Voting for top team tough for Big 12 coaches.

Monday, November 24, 2008 | 5:57 p.m. CST; updated 8:33 p.m. CST, Friday, November 28, 2008

Oklahoma beat Texas Tech, which beat Texas, which beat Oklahoma. So who’s better?

Coaches from the Big 12 Conference struggled with that question this week as they placed votes that affect the Bowl Championship Series standings. If all three of the teams, each tied at the top of the Big 12 South at 6-1, win their games this week, the BCS rankings will determine who plays Missouri, the North champions, in the Big 12 title game.

Nebraska coach Bo Pelini said he ranked Oklahoma higher than Texas based on his firsthand impression of the Sooners.

“I'm more based on who I've played and what I've seen,” said Pelini, whose team did not play Texas this year. “You could probably go either way in a lot of these instances, but you got to vote the way you see it.”

Pelini revealed his favorite, though most keep their USA Today Coaches Poll picks confidential throughout the season. Only the final ballots are made public.

Missouri coach Gary Pinkel declined to share how he voted this week, saying only that he takes the responsibility “very, very seriously,” and “I do what I think is the right thing to do.”

Texas coach Mack Brown also told reporters he would keep his rankings secret until the final vote.

Oklahoma came out No. 2 in the Coaches Poll, with Texas at No. 4. In the BCS standings, which involve computer rankings, Texas stayed ahead of Oklahoma by .0084 of a point.
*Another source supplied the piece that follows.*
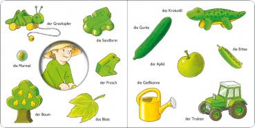 Mit diesem Gucklochbuch erkunden Kinder ab 9 Monaten spielerisch die Welt der Farben. Die Gucklöcher machen neugierig und laden zum Vor- und Zurückblättern ein. Die Benennung der einzelnen Gegenstände unterstützten die Kleinsten zudem beim Wortschatzerwerb.

Colorado coach Dan Hawkins said the decision was a difficult one, but he compared the quality of each team’s wins.

“You look at some teams beat other teams more than others,” Hawkins said, without disclosing the order of his rankings.

Oklahoma pummeled Texas Tech 65-21 in Norman, while the Red Raiders edged the visiting Longhorns 39-33 in the final minutes of their game. Texas trailed Oklahoma until the end of the third quarter, but came back to win 45-35 at a neutral site.

One coach with a stake in the outcome but no vote is Oklahoma’s Bob Stoops. Stoops declined to vote in this year’s poll for reasons he did not expand on, but cited the limited amount of time to make informed decisions as a major reason.

Does Stoops regret giving up his vote?

“Probably,” he said.

If he still had his say, Stoops said he would look at teams’ recent play.

“There’s arguments for and against everybody, not just us, anyone who’s got one loss,” Stoops said. “That’s just the way it is, but again, I think most logic goes to who’s doing what down the stretch and who’s playing well right now.”

Not surprisingly, those criteria happen to favor his team.

SYNDER NO SURPRISE: Few Big 12 coaches who knew former Kansas State coach Bill Snyder expressed surprise that he would come out of retirement to replace fired coach Ron Prince.“I’ll be honest,” Kansas coach Mark Mangino said, “I was a lot more surprised when he retired than when I heard he was coming back.”

Texas coach Mack Brown said he could easily understand why Snyder would return.

“Every time I see him, he’s missing coaching, missing those kids and missing the excitement of the game,” Brown said. “I’m really excited to see him back because he’s one of the best.”

Brown has another reason to be glad Synder will be back.

“I’m getting to be one of the oldest ones in the meetings, so I like to have somebody as old as I am to talk to in the Big 12 coaches meetings,” Brown said.

Snyder turned 69 in October. Brown is 57.

Snyder, who was retired for three years while Prince had the job, has an 136-68-1 record with the Wildcats.

“He loves the game and does a great job with it,” Oklahoma coach Bob Stoops said. “I’m sure he’ll do another great job.”

THANKFUL FOR THANKSGIVING GAME: Texas and Texas A&M return their rivalry to Thanksgiving this year, and coaches couldn’t be more pleased.

“To be on Thanksgiving Day night and that spotlight, I think not only as a coach is it an honor, but as a player too,” A&M coach Mike Sherman said.

The Aggies and the Longhorns played on Thanksgiving 60 times until the game was moved in 1996. The teams face off on Thursday again this year and next.

“As a child I grew up in a coaching home with my dad and my granddad and we sat on Thursday night, Thanksgiving night and watched the Texas-Texas A&M game,” Texas coach Mack Brown said. “It got to be tradition in our family.”

The coaches said they look forward to the national attention the matchup will receive, especially with the number of in-state students on both teams.

“The game in itself is a testament to Texas high school football and Texas high school football coaches,” Sherman said.